TASK OBJECTIVE: The whole listing is to be restated word for word with no images.

DATA EXCERPT:
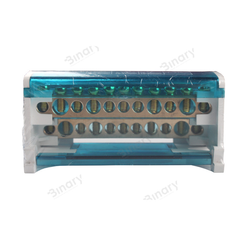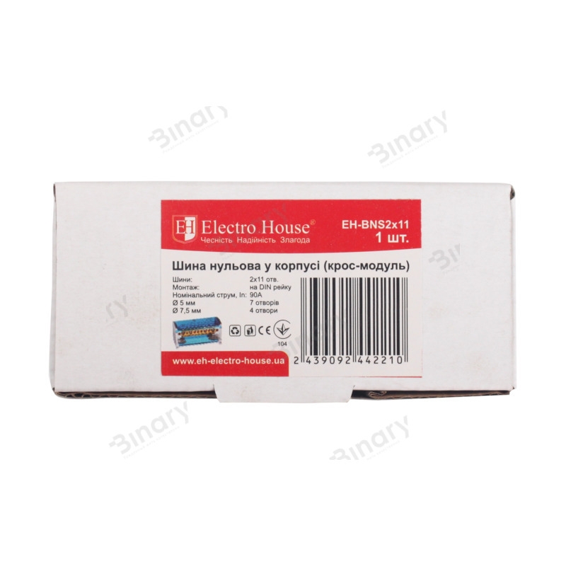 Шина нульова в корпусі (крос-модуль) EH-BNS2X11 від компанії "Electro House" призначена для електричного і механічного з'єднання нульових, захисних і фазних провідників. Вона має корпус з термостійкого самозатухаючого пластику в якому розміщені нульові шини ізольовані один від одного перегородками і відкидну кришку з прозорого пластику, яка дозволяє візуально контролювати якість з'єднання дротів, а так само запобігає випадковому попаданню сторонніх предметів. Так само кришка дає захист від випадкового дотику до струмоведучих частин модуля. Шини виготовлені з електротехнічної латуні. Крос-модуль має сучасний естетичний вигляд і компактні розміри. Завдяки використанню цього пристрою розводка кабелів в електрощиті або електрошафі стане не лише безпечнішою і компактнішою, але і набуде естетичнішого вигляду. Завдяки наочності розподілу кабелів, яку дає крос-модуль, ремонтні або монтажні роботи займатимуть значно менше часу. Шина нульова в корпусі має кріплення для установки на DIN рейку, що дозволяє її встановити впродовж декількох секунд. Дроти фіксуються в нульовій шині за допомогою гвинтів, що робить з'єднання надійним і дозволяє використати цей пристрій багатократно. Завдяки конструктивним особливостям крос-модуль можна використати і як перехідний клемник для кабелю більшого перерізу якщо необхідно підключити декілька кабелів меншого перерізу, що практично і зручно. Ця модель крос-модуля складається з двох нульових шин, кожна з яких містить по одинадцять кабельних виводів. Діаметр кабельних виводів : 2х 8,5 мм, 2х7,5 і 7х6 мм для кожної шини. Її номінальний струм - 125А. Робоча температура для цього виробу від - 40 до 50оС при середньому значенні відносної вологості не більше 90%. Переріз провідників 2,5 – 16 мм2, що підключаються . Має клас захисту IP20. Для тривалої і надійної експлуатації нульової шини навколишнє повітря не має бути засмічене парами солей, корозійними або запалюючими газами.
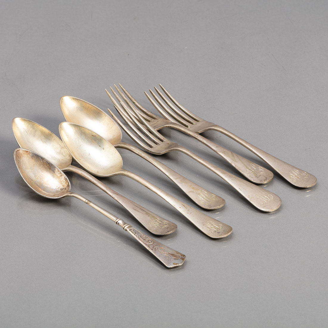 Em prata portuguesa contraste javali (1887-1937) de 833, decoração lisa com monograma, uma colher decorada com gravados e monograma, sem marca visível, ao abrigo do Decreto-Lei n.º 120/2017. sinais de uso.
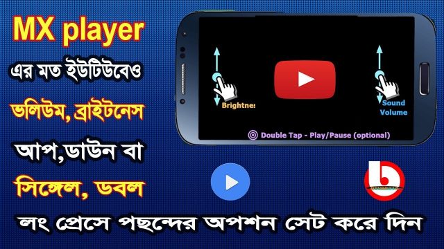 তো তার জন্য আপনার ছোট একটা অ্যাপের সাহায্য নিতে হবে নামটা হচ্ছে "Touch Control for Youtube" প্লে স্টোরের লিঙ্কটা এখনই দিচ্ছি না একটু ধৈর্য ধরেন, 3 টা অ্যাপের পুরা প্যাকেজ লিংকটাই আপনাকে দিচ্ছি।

OUTPUT FOR THIS TASK:
 Шина нульова в корпусі (крос-модуль) EH-BNS2X11 від компанії "Electro House" призначена для електричного і механічного з'єднання нульових, захисних і фазних провідників. Вона має корпус з термостійкого самозатухаючого пластику в якому розміщені нульові шини ізольовані один від одного перегородками і відкидну кришку з прозорого пластику, яка дозволяє візуально контролювати якість з'єднання дротів, а так само запобігає випадковому попаданню сторонніх предметів. Так само кришка дає захист від випадкового дотику до струмоведучих частин модуля. Шини виготовлені з електротехнічної латуні. Крос-модуль має сучасний естетичний вигляд і компактні розміри. Завдяки використанню цього пристрою розводка кабелів в електрощиті або електрошафі стане не лише безпечнішою і компактнішою, але і набуде естетичнішого вигляду. Завдяки наочності розподілу кабелів, яку дає крос-модуль, ремонтні або монтажні роботи займатимуть значно менше часу. Шина нульова в корпусі має кріплення для установки на DIN рейку, що дозволяє її встановити впродовж декількох секунд. Дроти фіксуються в нульовій шині за допомогою гвинтів, що робить з'єднання надійним і дозволяє використати цей пристрій багатократно. Завдяки конструктивним особливостям крос-модуль можна використати і як перехідний клемник для кабелю більшого перерізу якщо необхідно підключити декілька кабелів меншого перерізу, що практично і зручно. Ця модель крос-модуля складається з двох нульових шин, кожна з яких містить по одинадцять кабельних виводів. Діаметр кабельних виводів : 2х 8,5 мм, 2х7,5 і 7х6 мм для кожної шини. Її номінальний струм - 125А. Робоча температура для цього виробу від - 40 до 50оС при середньому значенні відносної вологості не більше 90%. Переріз провідників 2,5 – 16 мм2, що підключаються . Має клас захисту IP20. Для тривалої і надійної експлуатації нульової шини навколишнє повітря не має бути засмічене парами солей, корозійними або запалюючими газами.
 Em prata portuguesa contraste javali (1887-1937) de 833, decoração lisa com monograma, uma colher decorada com gravados e monograma, sem marca visível, ao abrigo do Decreto-Lei n.º 120/2017. sinais de uso.
 তো তার জন্য আপনার ছোট একটা অ্যাপের সাহায্য নিতে হবে নামটা হচ্ছে "Touch Control for Youtube" প্লে স্টোরের লিঙ্কটা এখনই দিচ্ছি না একটু ধৈর্য ধরেন, 3 টা অ্যাপের পুরা প্যাকেজ লিংকটাই আপনাকে দিচ্ছি।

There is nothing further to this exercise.